## Exercise inputs
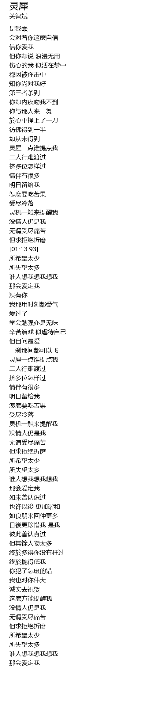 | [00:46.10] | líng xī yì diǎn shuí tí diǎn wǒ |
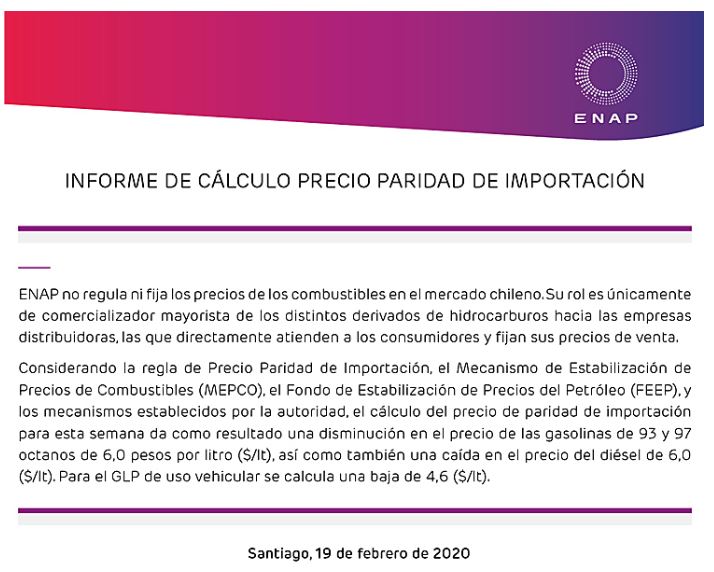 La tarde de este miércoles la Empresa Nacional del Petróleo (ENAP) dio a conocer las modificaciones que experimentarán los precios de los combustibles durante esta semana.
...
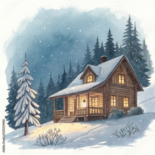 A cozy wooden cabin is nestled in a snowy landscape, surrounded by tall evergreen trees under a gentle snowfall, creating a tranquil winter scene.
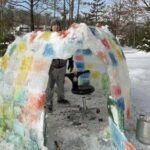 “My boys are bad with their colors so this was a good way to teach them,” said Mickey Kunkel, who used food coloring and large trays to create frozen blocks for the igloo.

## The problem
What you return must match, character for character, the lines above from the one with "tí diǎn wǒ |" through the one with "La tarde de", minus any pictures.

## Exercise solution
 | [00:46.10] | líng xī yì diǎn shuí tí diǎn wǒ |
 La tarde de este miércoles la Empresa Nacional del Petróleo (ENAP) dio a conocer las modificaciones que experimentarán los precios de los combustibles durante esta semana.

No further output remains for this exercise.